L’esonero di Ivan Juric era imminente viste le non tranquille parole del Presidente Preziosi alla vigilia di Pescara – Genoa, e con il 5 a 0 subito dalla peggiore squadra della serie A, si consuma l‘ultimo atto  dell’allenatore croato sulla panchina dei grifoni.
La società si è messa subito all’opera e ha arruolato Mandorlini per poter dare una svolta alla stagione dei rossoblù, in quanto si ritrovano con 25 punti, a 3 dalla quart’ultima Empoli.

La squadra è stata contestata per via delle cattive prestazioni svolte fino ad ora (e hanno ragione, visto che l’ultima vittoria genoana è datata 27 Novembre 2016 contro la Juve; dopodiché 8 sconfitte e 3 pareggi nelle successive 11 partite disputate) ma la colpa la vogliamo dare completamente all’allenatore di Spalato?
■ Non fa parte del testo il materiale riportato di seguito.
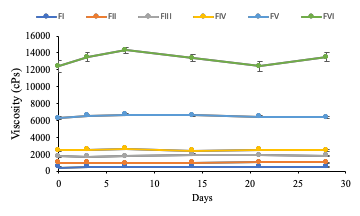 Fig. 2: The result of viscosity measurement of GS extract gel after 28-day storage (All the results were calculated as mean±standard deviation; n=3)
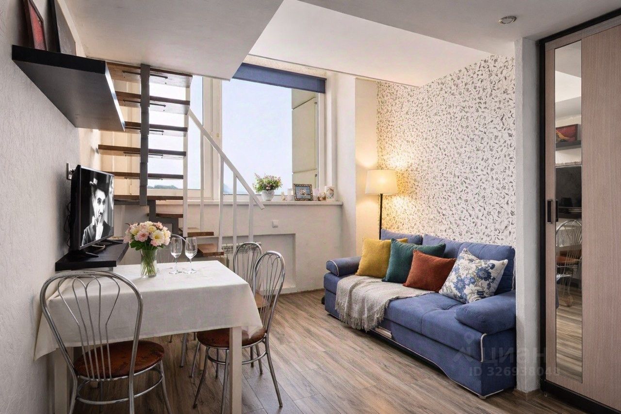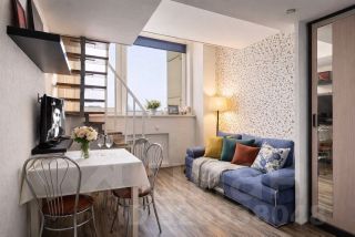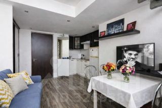 Апартаменты 2ух этажные( на первом кухня-гостинная , на втором спальня, санузел и гардеробная.)
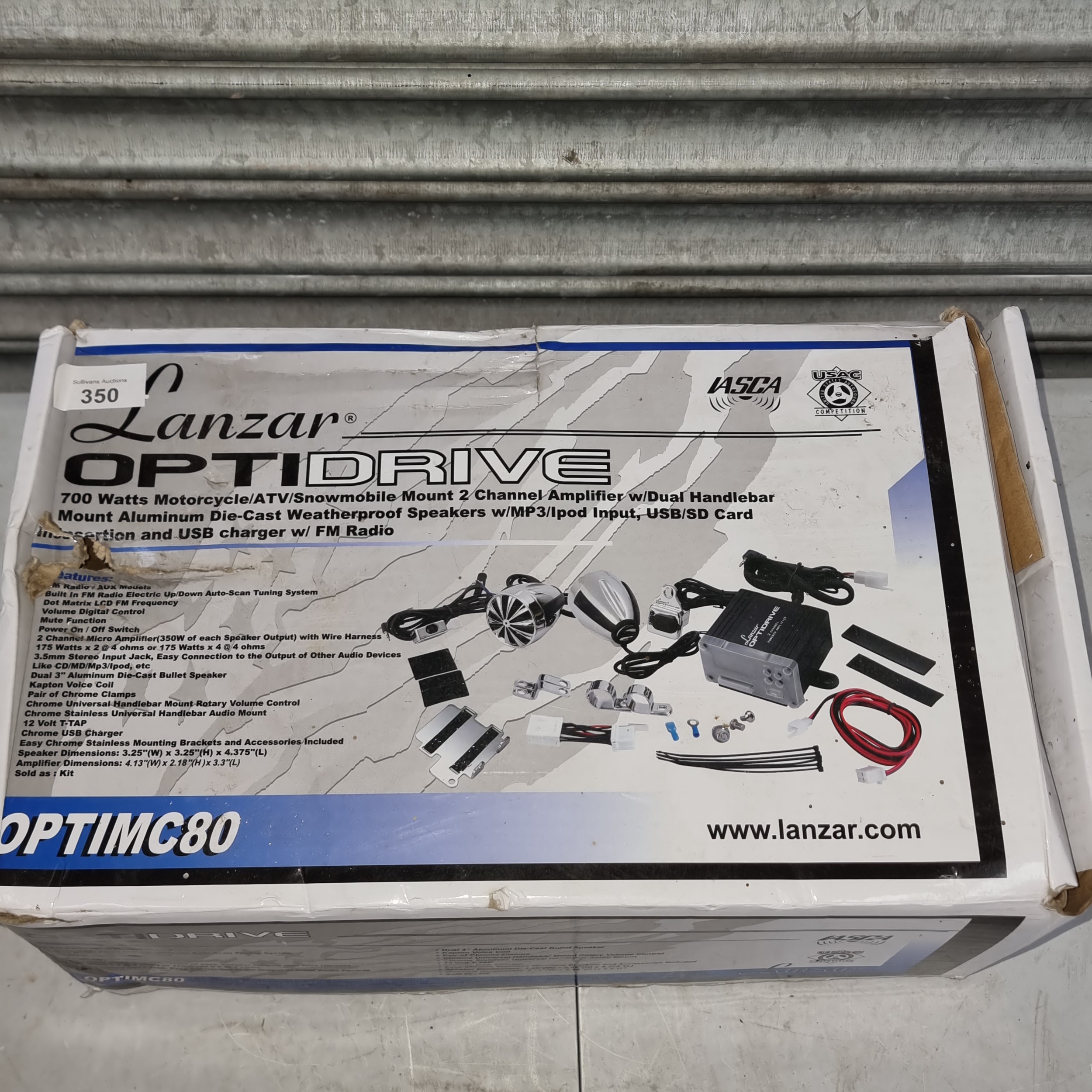 Lanzar Optidrive motorcycle 2 channel amplifier and waterproof set of handlebar speakers.
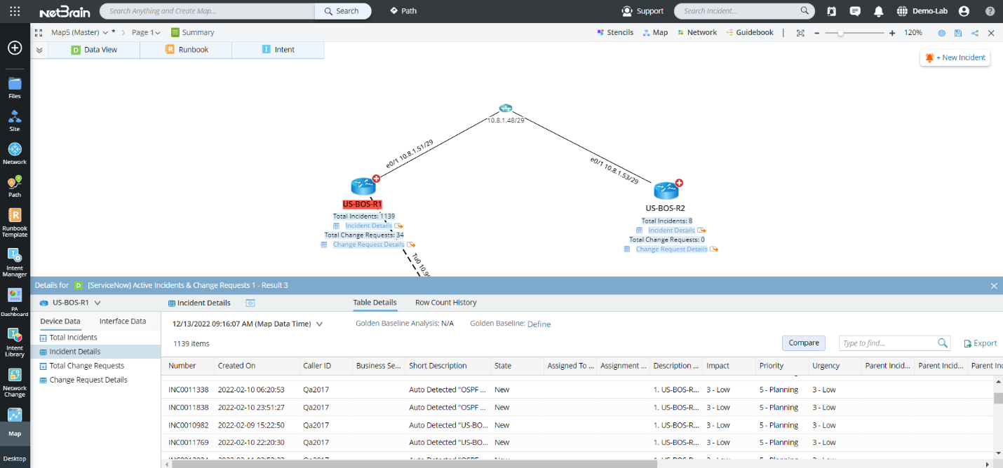 Below is an example representation of the ServiceNow all Incident and Change Requests data overlay on each device in NetBrain.
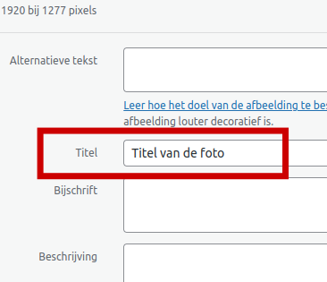 Elke foto heeft een titel, standaard is dat de naam van het bestand. Om dit aan te passen open je de foto vanuit het media overzicht:
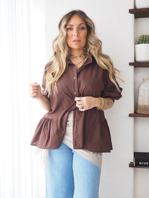 Discover the perfect combination of elegance and comfort with this women's cotton shirt, an essential piece for a modern and versatile wardrobe. Featuring a button-down front and boat neck, this stylish women's shirt stands out for its classic design with a contemporary touch. The cotton fabric ensures breathability and comfort throughout the day, making this women's cotton shirt ideal for both casual looks and more sophisticated combinations. The ruffle detail at the bottom adds movement and femininity to the piece, creating a delicate and modern look. Versatile and easy to combine, this women's button-down shirt can be worn with jeans, skirts, or classic trousers, adapting perfectly to different styles and occasions. If you are looking for an elegant, comfortable, and trendy women's cotton shirt with ruffles, this model is the perfect choice to add a sophisticated touch to your everyday looks.
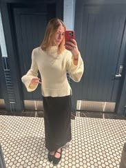 This is a lovely cream sweater. The bell sleeves and longer cut in the back give it a nice look. Fabric isn't super soft, but still comfy. Only issue is trying to tuck front into pants/skirt. Leaves a little budge but looks lsoopy completely out.

Per il parere di molti, ci sarebbe qualcosa da ridire sulla squadra assortita per svolgere la seconda parte di stagione, dove per l’ennesima volta si è andati incontro ad una rivoluzione della rosa a stagione in corso. Se da una parte gli arrivi di Pinilla, Taarabt, Hiljemark, Palladino e Cataldi sembravano dover dare una spinta in più, così non è stato perché nel frattempo la squadra ha venduto Rincon alla Juve, Pavoletti al Napoli e Ocampos al Milan, rivoluzionando in pratica l‘assetto tattico della squadra dal centrocampo in su. La partenza del “General” argentino e del “Pavoloso” hanno cambiato geometricamente la disposizione tattica dei giocatori, oltre al non aver dato garanzie in attacco oltre al “Cholito” Simeone. L’acquisto di Pinilla non ha sortito gli effetti sperati e per questo sembra come se Juric abbia pagato per delle colpe non sue.

Ricordando, infine, come uno dei 3 pareggi sia arrivato in quel del Franchi di Firenze, ci rendiamo conto come il Genoa abbia rivoluzionato la squadra senza (forse) aver dato parere all’allenatore su acquisti e cessioni dei giocatori. E visto ciò che sta producendo un ex storico come Gasperini a Bergamo, poniamoci 2 domande su come la squadra debba essere mantenuta facendo pochi cambi e non una rivoluzione ogni 5 mesi.